This summer was meant to be Jurgen Grobler’s Olympic swansong but the global coronavirus crisis means his retirement plans may temporarily be put on hold, writes Sam Blitz.
The 73-year-old is Great Britain’s greatest ever Olympic coach, having helped Team GB to at least one gold medal in every Olympic Games since 1992. His overall record stands at 33 medals - 22 of which are gold - making him the most successful Olympic coach by some distance.
Yet while the German was keen on stepping down from Team GB after the culmination of this summer’s spectacle in Tokyo, the postponement of the Games to 2021 means some difficult decisions lie ahead for British Rowing chiefs.
British Rowing chief executive Andy Parkinson said: “Brendan Purcell [BR’s Director of Performance] is in constant communication with Jurgen but given the remote-working nature of things right now, it’s difficult to have that face-to-face conversation.
“At the moment we’re just working out what the implications of a 2021 Games are for the programme - for our athletes and for our staff.
“I think it’s a little bit too early to say what we’re going to be doing but we are in ongoing conversations with all of our programme staff and we are coming up with a plan that works for us and our athletes and one which enables us to perform for when we eventually get to Tokyo.”
While a decision is yet to be made over Grobler’s immediate future with British Rowing, Parkinson maintains that the organisation are prepared for whatever the legendary coach chooses to do.
British Rowing’s chief executive assures fans of the sport that plans for Paris 2024 had begun even before the Tokyo Games were pushed back, but adds that the unique circumstances make the process a great deal harder.

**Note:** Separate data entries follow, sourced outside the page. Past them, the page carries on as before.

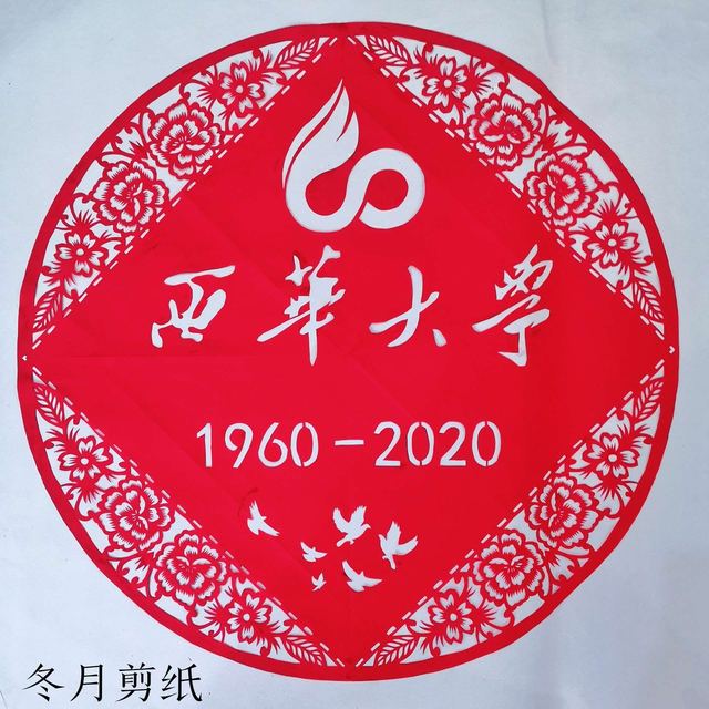 2020年是西华大学建校60周年,疫情期间,除了抗疫系列剪纸,汪孝君还制作了一套西华系列的剪纸,打算献礼西华大学60周年校庆。这套西华系列剪纸不仅包括校徽、各个教学楼、标志性建筑物,还包括了各学院的院徽,总计有50多幅。
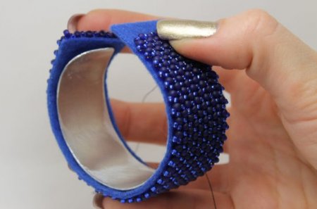Можно задействовать простые браслеты из металла как основы для приклеивания композиций из бисера. Эта направленность в handmade относится к обособленному разделу настоящего мастерства, требующего огромного терпения и старательности. На кусочек фетровой ткани клеятся кабошоны и обшиваются бисером, согласно задуманному мастером эскизу. Затем этот ансамбль приклеивается к кусочку кожи, прикрепляемому к металлической основе.
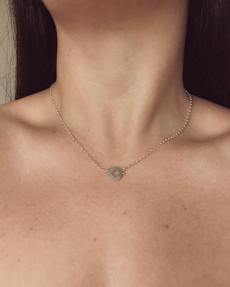 Handcrafted Sterling silver New Moon symbol soldered into a fine manufactured sterling silver belcher link chain.

He added: “We started, as with every sport over the last three or four months, in a Tokyo-delivery mode but also a Paris-planning mode, so clearly we were having conversations about what a post-Tokyo Olympics would look like and those conversations will continue.
“The conversations I’ve had so far is that we can’t approach the Tokyo cycle just with an extra year on. Next year is going to be totally unique so we have to approach it slightly differently and we are working on what that difference looks like.”
Having Grobler on board for the now-2021 Games is paramount to any success Team GB will have over in Tokyo. UK Sport recognises the importance of rowing in the nation’s arsenal during an Olympic campaign, having granted the sport £30m in funding ahead of Tokyo 2020 - more than any other British team.
Those close to Grobler know how much of a difference his coaching has on Team GB’s performances at both Olympic Games and World Championships.
British Rowing coxes Henry Fieldman and Matilda Horn, who were aiming to represent the men’s and women’s eight crews respectively in Tokyo this summer, are privileged enough to work alongside the German in the coaching aspect of British Rowing.
Speaking about Grobler’s character, Fieldman says: “He’s still very driven which is really key because the whole sport is moving on all the time year on year.
“The crews are getting better and records are getting broken and he sees that as a way of learning himself and testing what he can do.”
Horn adds: “He can make decisions and stand by them and he’s not afraid to change his mind.
“His results reflect not only that but how he behaves and acts and how the sport means as much to him as well as everybody else.”
It’s this passion for the sport that makes the decision over Grobler’s future a pivotal moment in the future of British Rowing. The German is a pioneer for rowing in Britain and has helped create both an environment and a legacy which has driven athletes to success both physically and psychologically.
Horn says: “When people are successful and come away from the sport, they don’t come away hating it.
“They come away feeling proud of being part of such a huge team and that’s hugely down to Jurgen.”
On what Grobler’s legacy will mean to British sport, Fieldman states: “The history books will say it all. The only gold medal that Great Britain was winning when he started was one in rowing.
“But now he’s just a machine and keeps pumping out those results. He was one of the first people that coached amazing athletes like Matthew Pinsent and Steve Redgrave to these fantastic results at Olympic level.”